30 May, 2017 by katelaity
We drove a long for some time until the bustle of the port city gave way to more sedate lanes. Our carter, Terry, promised that we would have good lodging not far from our collector so we pulled up at a charming little residence that he said catered mostly to sporting men. He ordered the stable hands around with such imperiousness that I immediately rejiggered my ideas about the social standing of carters in this land.
Our belongings squared away with such efficiency we were happy to be taken on to the home of the mysterious Mither Wishart nearby. I was immediately disappointed for it looked like many of the other houses we had seen nearby, a small neat home of considerable age but scrupulous upkeep. Venerable rather than ancient then, but entirely too respectable for the home of a woman who collected oddities.
Ushered into the tidy interior while our carter waited outside—he was quite willing to be placated with some home brewed ale from the lady hostess—I felt a vague sense of disappointment. I had truly expected some kind of exoticism. Perhaps Dr Rae’s adventurer’s home had raised my expectations a little too high.
Mither Wishart herself was as homey a woman as you could imagine. A woman of some considerable age, but so pink-cheeked and lively that she wore the years lightly. Short and stout she was but quick on her feet, fussing around us as we were ushered into the ‘parlour’ as she called it. Tea was brought which included any number of delicious looking cakes and shortbread (by far my favourite culinary delight in this rough land, though I had yet to taste the legendary haggis), so I was quite content to listen to her ramblings while I refreshed myself. The old dear was bound to have something entertaining to tell us, and if not, there was cake.

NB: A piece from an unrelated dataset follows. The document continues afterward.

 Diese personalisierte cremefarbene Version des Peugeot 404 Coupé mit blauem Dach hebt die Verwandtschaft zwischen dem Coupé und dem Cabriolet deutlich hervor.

While Tansy quizzed her about the nuances of some strange Scottish term I glanced around the parlour. It was rather pleasant to be in a charmingly feminine room of this sort. Though I much preferred the comfort of my club on the whole with its smooth leather and ancient wood, the experience of a room like this reminded one of the genteel nature of the weaker sex. Everything was soft and pretty. And the cakes were delicious.
‘Elf shot?’ Tansy said with surprise, drawing my attention over to their conversation once more. ‘Do you mean enchanted?’

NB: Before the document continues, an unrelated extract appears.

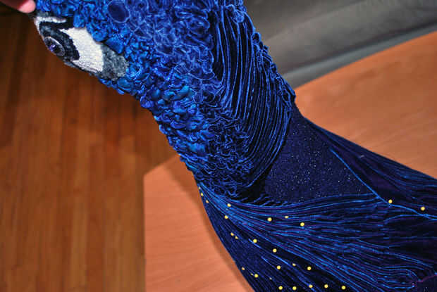 Amaba los mejores nudos en la cabeza y el cuello, pero quería una técnica diferente para decorar el resto del cuerpo. Plumas de pavo real cuerpo son más aerodinámico y suave que el nubbly protuberancias en la cabeza y el cuello. He pensado que subiendo algunas otras maneras de hacer plumas individuales. Encuentro fans poco o cortar los bordes de las formas de plumas con tijeras dentadas y les superposición de funcionaría, pero las muestras que he probado a no mira a la derecha entonces pensé de cubrir el cuerpo con pliegues de terciopelo. Perfecto! Yo tenía un montón de piezas diferentes de terciopelo azul y pude hacer un patrón que fluye sobre el cuerpo.

Mither Wishart shook her head and laughed. ‘Not at all. While the name might sound fanciful it’s just another way of describing the illnesses we know to pass without visibility to the naked eye, as Mr Leeuwenhoek demonstrated so long ago.’
‘But they kept the arrows?’ Tansy looked perplexed, which was not surprising.

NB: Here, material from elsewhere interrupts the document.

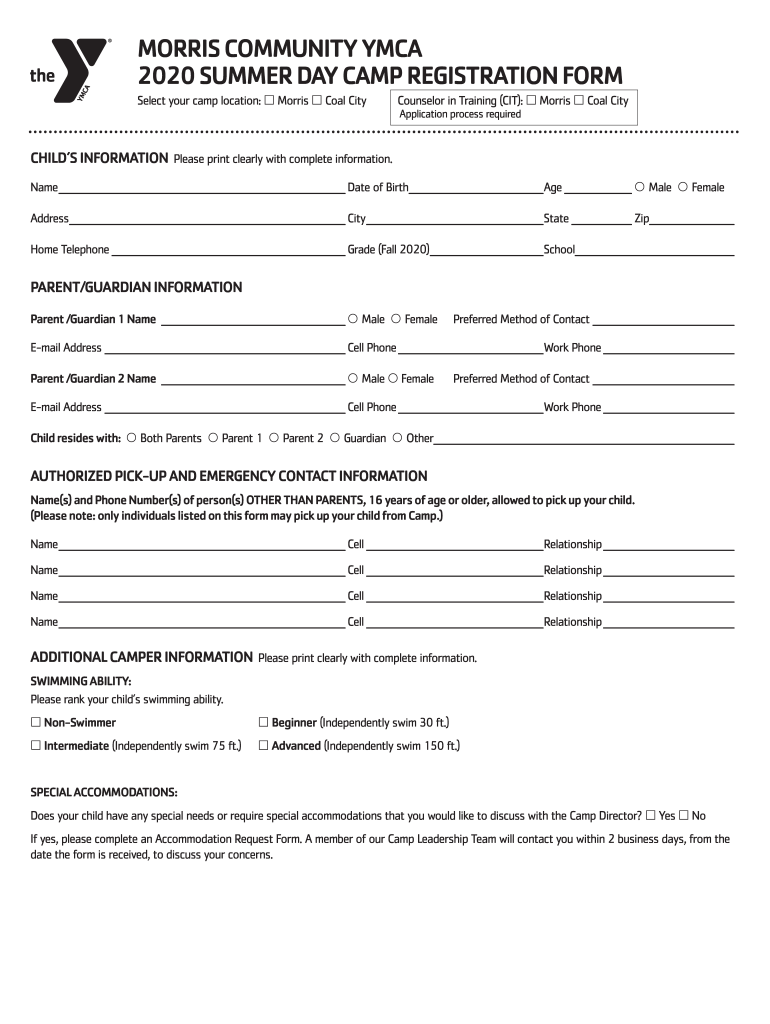 MORRIS COMMUNITY YMCA 2020 SUMMER DAY CAMP REGISTRATION FORM Select your camp location: Morris Coal CityCounselor in Training (CIT): Morris Coal City Application process requiredCHILDS INFORMATION

‘Not arrows, arrowheads,’ Mither Wishart explained, rising from her seat to fetch an item from her shelves. ‘Look, here is how they kept them. See? Encased in silver and worn on a chain about the neck.’ We both leaned over the table too look more closely at the item she produced. It was a tiny stone arrow clasped in silver. The shape rather reminded me of a heart.
‘And what’s this on the back?’ Tansy asked. The markings were rather like mason marks—abstract lines and angles. ‘Are they runes of some kind?’
‘It’s impossible to know,’ she said with a sigh. ‘They were passed down through families for generations, valued as protective but against what may well have changed. We know the term elf-shot from rhymes that probably went along with them, but my grandmother—who wore it every day—said only that it kept her safe from the shivers.’
My glance strayed to the shelf from which she’d plucked the charm. I could feel my eyes widen. I had mistakenly assumed the shelves to mostly hold knickknacks and pottery like most ladies’ shelves did, but now that I peered closely the truth was rather stranger.